2. Polylactic Acid
• Polylactic acid (PLA): is a bio-based plastic derived from renewable resources such as fermented corn starch, sugarcane, or tapioca roots.
It has a variety of advantages in industrial applications and is an excellent promising replacement for non-degradable petroleum-based
polymers like polypropylene, polyethylene, or polystyrene. Advantages of PLA over conventional plastics include its availability, eco-
friendliness, biocompatibility, competitive cost, and its ease of biodegradability and processability into final products.

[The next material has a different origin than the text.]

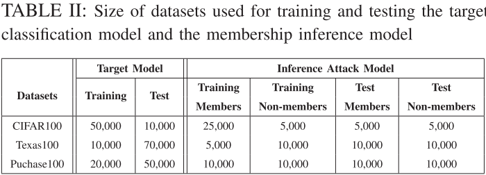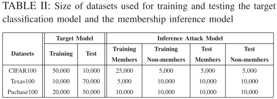 我们实现了我们的攻击,并将其性能与shokri等人的影子模型进行了比较。[6]前面介绍过。我们根据表II中的训练和测试数据集的大小,在各种数据集上训练我们的无监督模型。根据表II的训练大小在每个Texas100和Purchase100数据集上训练影子模型。【We train a single Shadow model on each of Texas100 and Purchase100 datasets using training sizes according to Table II.】影子模型的训练集与目标模型的训练集不重叠。但是,对于CIFAR100数据集,我们的影子模型使用与目标模型数据集重叠的训练数据集,因为我们没有足够的实例(我们在总共60000个可用记录中训练每个模型50000个实例)。

Preparation of polylactic acid
• Extraction and fermentation of biomass (corn starch, sugarcane etc) by microorganisms to produce a metabolic byproduct known as
lactic acid (LA).
• Purification of LA: high-purity LA is exctracted and purified by various separation techniques, such as filtration, distillation, or
crystallization.
• Polymerization of LA: The isolated LA undergos direct or indirect condensation polymerization reactions at high temperature to eliminate
water molecules, resulting to formation of PLA polymer chains.
• PLA Processing: The resulting PLA polymer is further processed by extrusion and molding into finished products like bottles, sheets, films,
and other biodegradable devices
3. Hydroxyapatite
• Hydroxyapatite (HA): is a naturally occurring mineral form of calcium apatite, which is the main component of human
bones and teeth. HA can be obtained from natural sources like animal bones or synthesized in the laboratory. HA is a
white, crystalline powder that closely resembles the mineral composition of human bones and teeth. HA is a
relatively hard material, providing structural support. HA offers excellent biocompatibility and osteoconductivity,
making it an ideal material for bone regeneration and repair applications. Its similarity to natural bone and slow
resorption rate further contribute to its effectiveness and long-term stability.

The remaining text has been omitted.